# STUDY MATERIAL
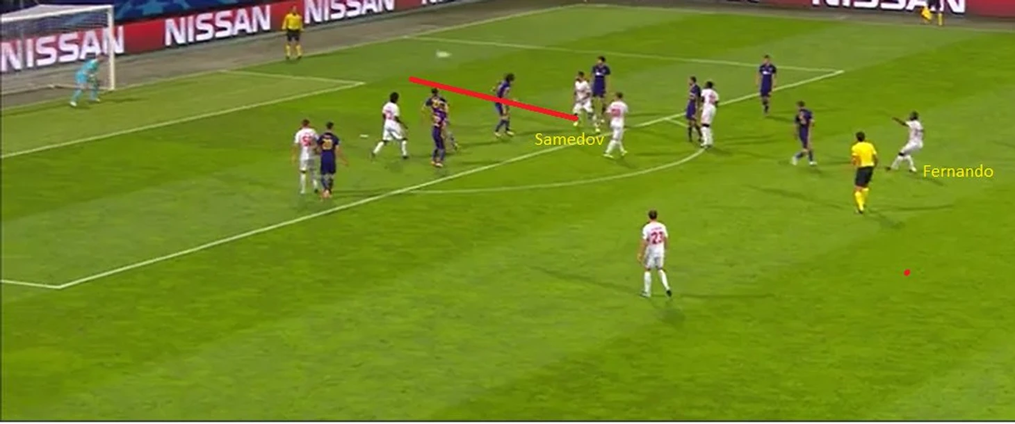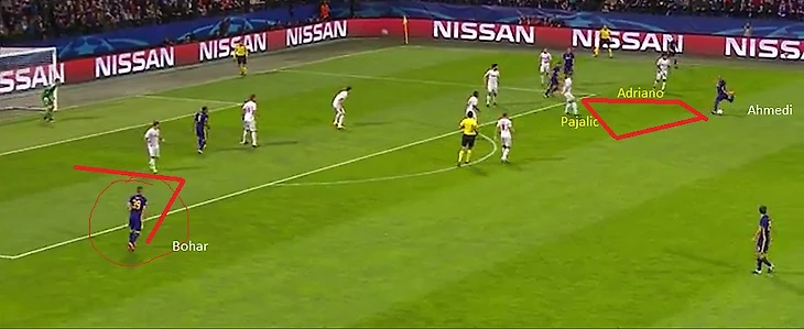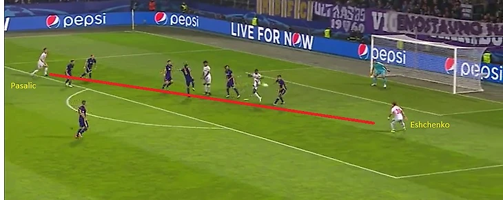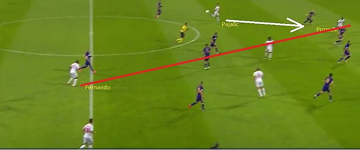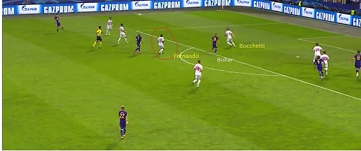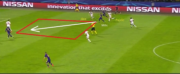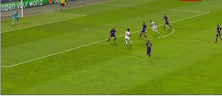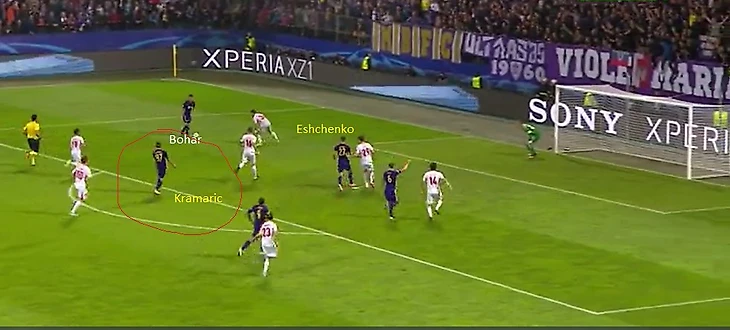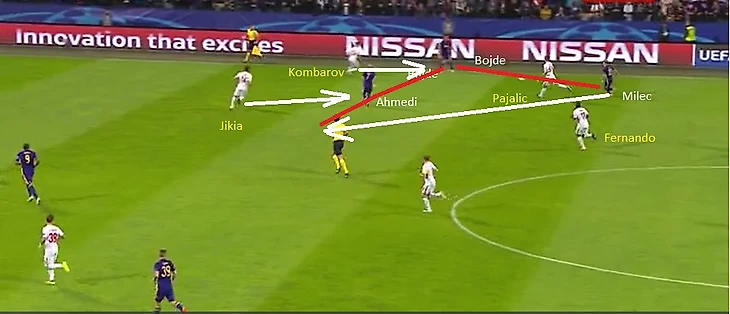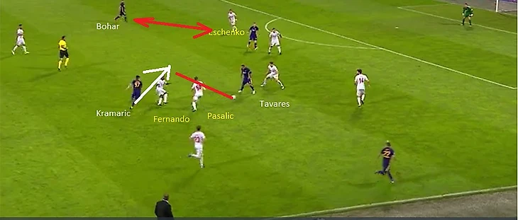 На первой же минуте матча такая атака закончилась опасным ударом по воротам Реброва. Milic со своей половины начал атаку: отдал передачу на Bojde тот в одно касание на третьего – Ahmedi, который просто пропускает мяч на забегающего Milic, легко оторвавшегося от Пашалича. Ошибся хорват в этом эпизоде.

==

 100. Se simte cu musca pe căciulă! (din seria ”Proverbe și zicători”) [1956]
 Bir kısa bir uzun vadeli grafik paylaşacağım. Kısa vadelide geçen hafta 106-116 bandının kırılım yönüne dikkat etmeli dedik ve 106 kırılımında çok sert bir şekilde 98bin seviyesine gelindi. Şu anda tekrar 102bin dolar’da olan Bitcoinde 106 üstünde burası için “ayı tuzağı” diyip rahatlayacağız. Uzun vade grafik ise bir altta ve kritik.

--

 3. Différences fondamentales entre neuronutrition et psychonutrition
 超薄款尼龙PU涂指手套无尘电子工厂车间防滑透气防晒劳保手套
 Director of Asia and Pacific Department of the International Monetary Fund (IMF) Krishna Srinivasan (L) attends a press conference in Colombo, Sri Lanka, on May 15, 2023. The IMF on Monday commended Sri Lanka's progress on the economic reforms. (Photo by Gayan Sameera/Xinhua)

# THE TASK
Which lines run from the one holding "3. Différences fondamentales" through the one holding "Director of Asia" in the records above? Repeat them exactly, both included, and nothing more.

# ANSWER TO THIS PROBLEM
 3. Différences fondamentales entre neuronutrition et psychonutrition
 超薄款尼龙PU涂指手套无尘电子工厂车间防滑透气防晒劳保手套
 Director of Asia and Pacific Department of the International Monetary Fund (IMF) Krishna Srinivasan (L) attends a press conference in Colombo, Sri Lanka, on May 15, 2023. The IMF on Monday commended Sri Lanka's progress on the economic reforms. (Photo by Gayan Sameera/Xinhua)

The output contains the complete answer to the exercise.